To turn this blame game into a constructive dialogue we need to tune up the conventional Borlaugian chant of agricultural sciences with the lessons of recent multidisciplinary research on global land use change dynamics. Based on what we have learned about the drivers of land use change in various regional contexts, improved science-based decision support can help us anticipate where and when incentive structures shift in favor of land expansion at agricultural frontiers. Evidence-based methods in combination with unprecedented access to remotely sensed data on land use change have also greatly enhanced our ability to measure the effectiveness of agricultural and environmental policies. Insights from these applied fields of research can and should inform not only policy design but also goal-oriented priority setting for basic research and technology development.

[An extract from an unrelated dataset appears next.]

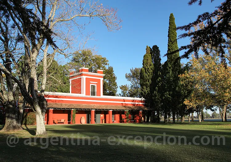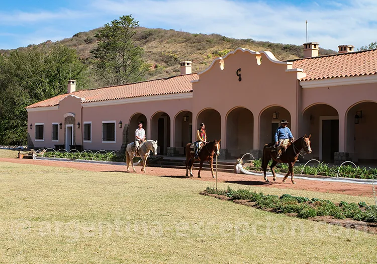 La casa principal constitue le cœur résidentiel de l’estancia. Dans les plus anciennes propriétés, elle adopte un plan colonial, de plain-pied, organisé autour d’un patio intérieur bordé de galeries à arcades. Les murs épais en adobe ou en pierre, les toits couverts de tuiles canal et les couleurs chaudes (ocres, rouges, jaunes) rappellent l’héritage andalou et castillan de l’architecture rurale.

At the policy level, we need to push our leaders to move from global goals to collective deeds. Few of the land-related Sustainable Development Goals (SDGs), if any, can be achieved through uncoordinated action.Footnote 23 The transaction costs involved in negotiating binding multilateral treaties are a necessary price to pay, which will reduce as we make headway towards equally sharing the benefits and costs of economic prosperity among winners and losers. To do so, we need to acknowledge that there are limits to governing global trade in bio-based commodities via improved value chain transparency and voluntary sustainability labels. Certification schemes can complement, but not substitute for functioning national and subnational land use regulations.Footnote 24 This is because adverse selection mechanisms often exclude those segments of the producer spectrum, where changes in production practices are costly, but bring about the largest sustainability gains.

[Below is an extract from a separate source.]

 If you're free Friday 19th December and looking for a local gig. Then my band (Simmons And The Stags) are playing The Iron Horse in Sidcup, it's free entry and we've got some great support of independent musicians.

A “new deal” to govern global land resources must leverage the potential power of conditional compensation mechanisms, such as the Sustainable Development Mechanism (SDM) in the Paris Agreement or Reducing Emissions from Deforestation and Degradation (REDD+), which can be flexibly designed to target agricultural frontiers affected by global shifts in economic incentives for agricultural expansion. So far publicly funded programs have made substantial progress in preparing the ground for such compensation schemes to work more effectively, for example, by establishing land cover monitoring systems and rural land cadasters.Footnote 25 Funding remains a bottleneck to scale up international compensation schemes, be it for land-based climate change mitigation or biodiversity conservation. However, we should not forget that many of the perceived benefits of bio-based transformation are expected to accrue as positive externalities and thus may require policy support.Footnote 26 This potentially creates synergies between bioeconomic transformation and the protection of global land resources at least in the context of climate policy. Emission taxes or offset trading schemes provide incentives for climate-smart (including bio-based) innovation and at the same time generate revenues that can and should be used to compensate countries for additional efforts towards protecting globally valued land resources. Compensations offered so far represent only a fraction of the actual costs of safeguarding ecologically sensitive ecosystems around the world and thus cannot be expected to effectively curb global forest loss.